Isidor Wilhelm Seiss (23 December 1840 – 25 September 1905) was a German composer, conductor, pianist, piano pedagogue and philanthropist. His surname also appears as Seiß, and his first name also appears as Isidore.

==Biography==
Isidor Wilhelm Seiss was born in Dresden in 1840. His first musical studies were under Friedrich Wieck (piano) and Julius Otto (theory), before going to Moritz Hauptmann in Leipzig from 1858 to 1860. He did some performing in Germany and Belgium, then became a piano teacher at the Cologne Conservatory in 1871, where he had a long career. He conducted the Cologne Musical Society.

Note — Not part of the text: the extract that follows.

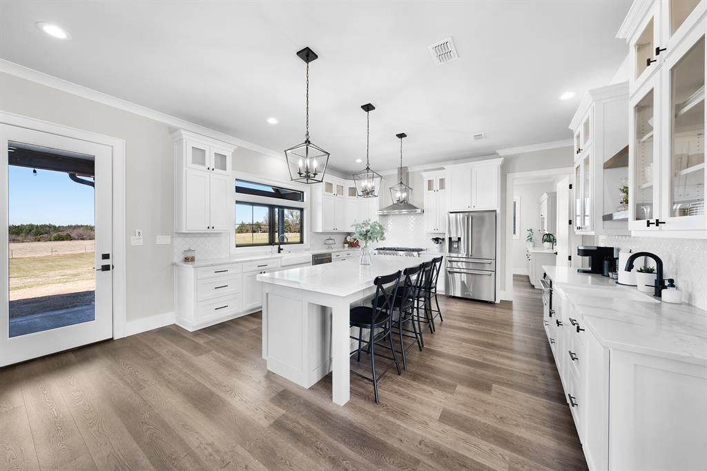 Welcome to this immaculate country retreat, perfectly situated on 2 serene acres just 10 minutes from Sulphur Springs and 5 minutes from the Country Club. This stunning property offers a spacious and versatile layout with 4 bedrooms, 3.5 baths, and an array of thoughtful features designed for comfort and convenience. The heart of the home is a living area that seamlessly flows into the chef’s kitchen, where you'll find a commercial gas range, marble countertops, a large island, and a charming coffee bar complete with a second sink. The primary suite offers a peaceful sanctuary with a spa-like ensuite bath featuring a double vanity, sleigh soaking tub, separate shower and a custom walk-in closet. Downstairs, you’ll also find a dedicated office, a large laundry room, a walk-in pantry, a guest half bath, and an oversized attached garage. Upstairs offers even more flexibility with a second living room, a second primary suite, and two additional bedrooms that share a hall bath, all with walk-in closets — ideal for guests or family. Outdoor living shines with spacious covered porches, including a rear porch equipped with an outdoor sink — perfect for entertaining. Additionally, the property boasts a second detached one-car garage with an extra storage area and an attached dog kennel for your furry friend. This property effortlessly combines modern luxury with practical amenities, offering a peaceful yet convenient lifestyle. Don’t miss your chance to call this extraordinary home your own!
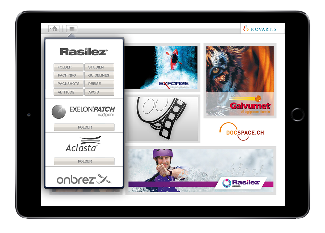 Wir erarbeiteten gemeinsam mit der Kommunikationsagentur Ogilvy Interactive die Informationsarchitektur und die grafische Benutzeroberfläche der Applikation. Anschliessend erfolgten die programmiertechnische Umsetzung und das Deployment. Die App ist ausschliesslich inhouse auf den Tablets der Aussendienstmitarbeitenden von Novartis Pharma Schweiz verfügbar.

His notable students included Engelbert Humperdinck, Elly Ney (for nine years before she moved on to Leschetizky and Sauer), Willem Mengelberg, Carl Lachmund, Frederick Corder, Volkmar Andreae, Maurits Leefson, Henri Weil, Karl Krill and others.

Dedications to Isidor Seiss included:
- Edvard Grieg: Book III (Op. 43) of the Lyric Pieces
- Josef Rheinberger: Toccata in C minor, Op. 115
- August Winding: Preludes in All the Keys, Op. 26.

He wrote some educational pieces for piano and other minor works. He also arranged some of Beethoven's Contredanses and German Dances for piano. He also revised Weber's Piano Concerto No. 2 in E-flat, and published editions of Mendelssohn's Capriccio brillante in B minor, and other works.

Isidor Seiss died by his own hand in Cologne in 1905, having suffered increasing blindness that had forced him to retire from his teaching position. Although aged only 64, he had outlived his entire family, and in his will he endowed the Conservatory with a pension and cash grants for the four oldest teachers. He also bequeathed over half a million marks to the city of Cologne.